[Work request] Go through the listing below and write out exactly the lines from the one that mentions "alongside Retirement Annuity" through the one that mentions "Add a touch", minus the pictures.

[Raw data]

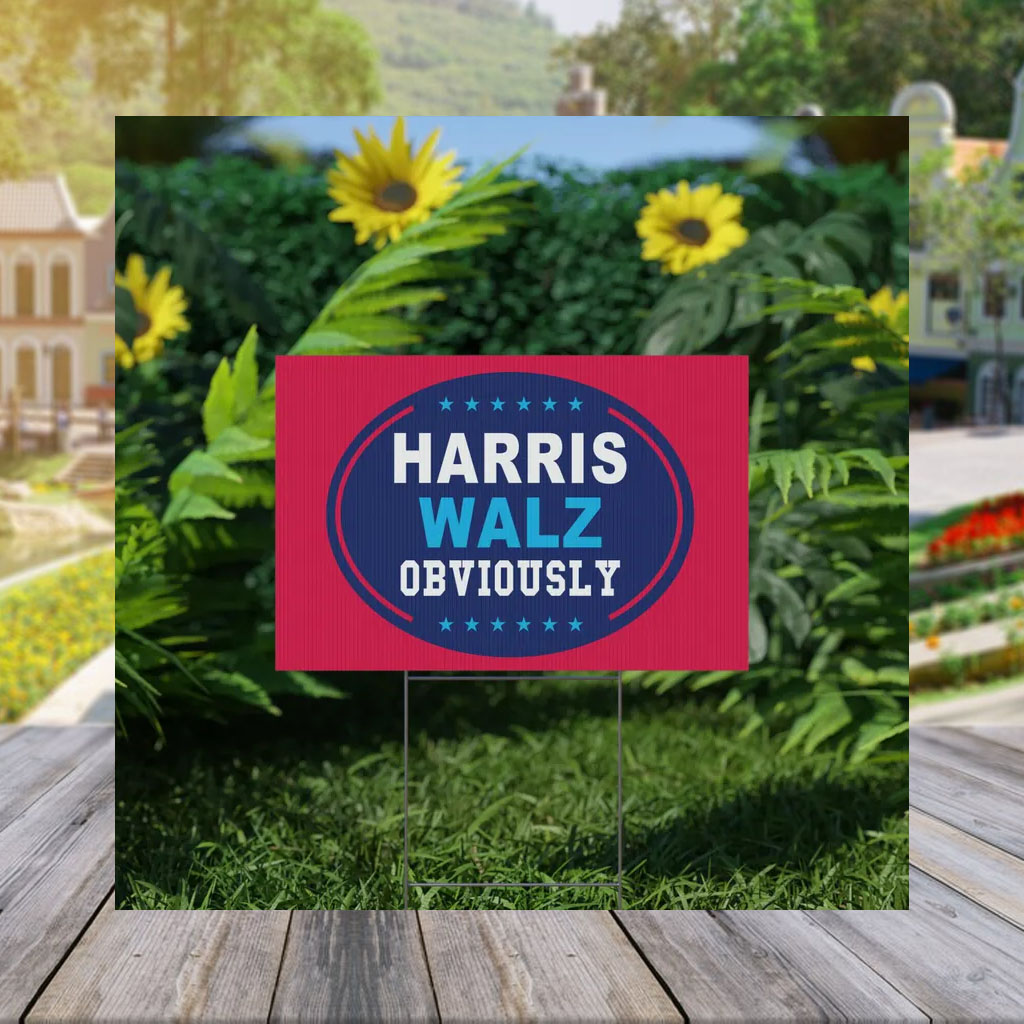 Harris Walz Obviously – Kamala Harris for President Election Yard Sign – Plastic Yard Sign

---

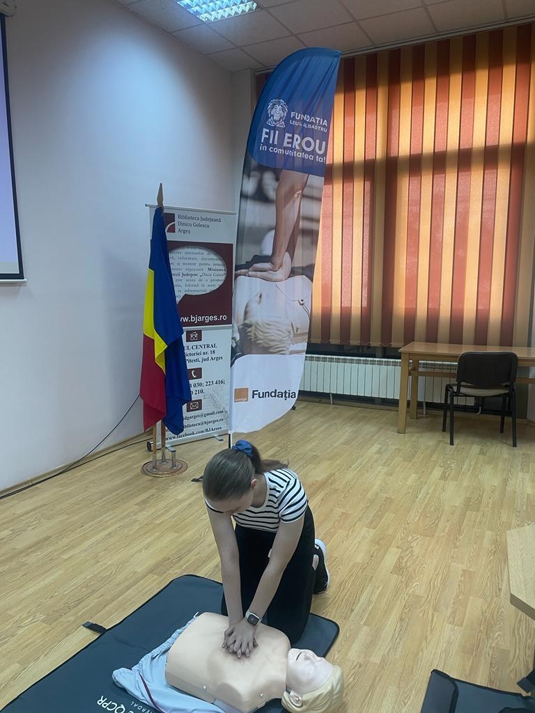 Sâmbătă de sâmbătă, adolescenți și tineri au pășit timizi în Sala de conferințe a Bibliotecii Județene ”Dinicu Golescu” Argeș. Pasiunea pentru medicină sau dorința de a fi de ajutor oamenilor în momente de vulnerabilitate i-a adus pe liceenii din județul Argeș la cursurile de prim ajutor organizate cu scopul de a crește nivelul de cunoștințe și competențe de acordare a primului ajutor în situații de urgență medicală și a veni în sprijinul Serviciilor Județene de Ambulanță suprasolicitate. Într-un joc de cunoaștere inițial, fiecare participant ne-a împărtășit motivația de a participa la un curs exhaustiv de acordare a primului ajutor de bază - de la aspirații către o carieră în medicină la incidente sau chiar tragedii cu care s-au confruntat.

---

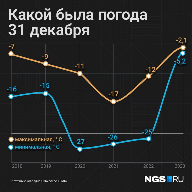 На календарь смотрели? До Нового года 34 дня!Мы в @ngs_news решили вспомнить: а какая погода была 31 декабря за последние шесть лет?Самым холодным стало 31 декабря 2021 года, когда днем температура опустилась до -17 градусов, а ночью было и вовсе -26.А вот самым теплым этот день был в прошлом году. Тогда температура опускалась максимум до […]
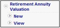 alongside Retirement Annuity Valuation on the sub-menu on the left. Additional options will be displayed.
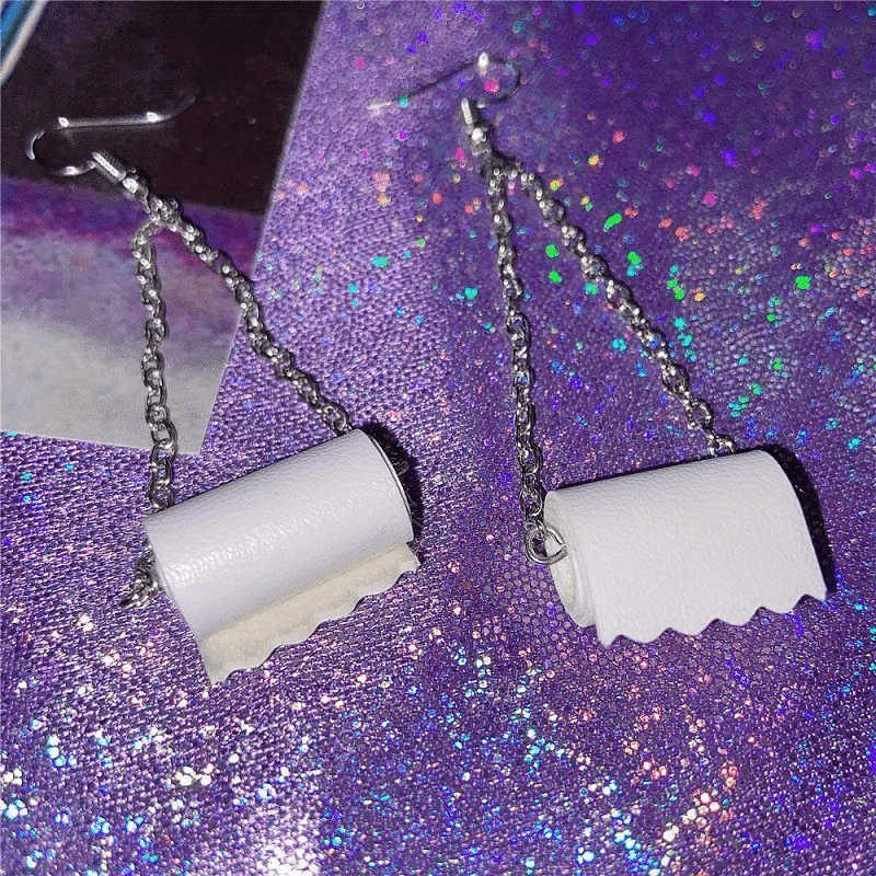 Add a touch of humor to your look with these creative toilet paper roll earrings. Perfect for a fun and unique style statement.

[Response to this exercise]
 alongside Retirement Annuity Valuation on the sub-menu on the left. Additional options will be displayed.
 Add a touch of humor to your look with these creative toilet paper roll earrings. Perfect for a fun and unique style statement.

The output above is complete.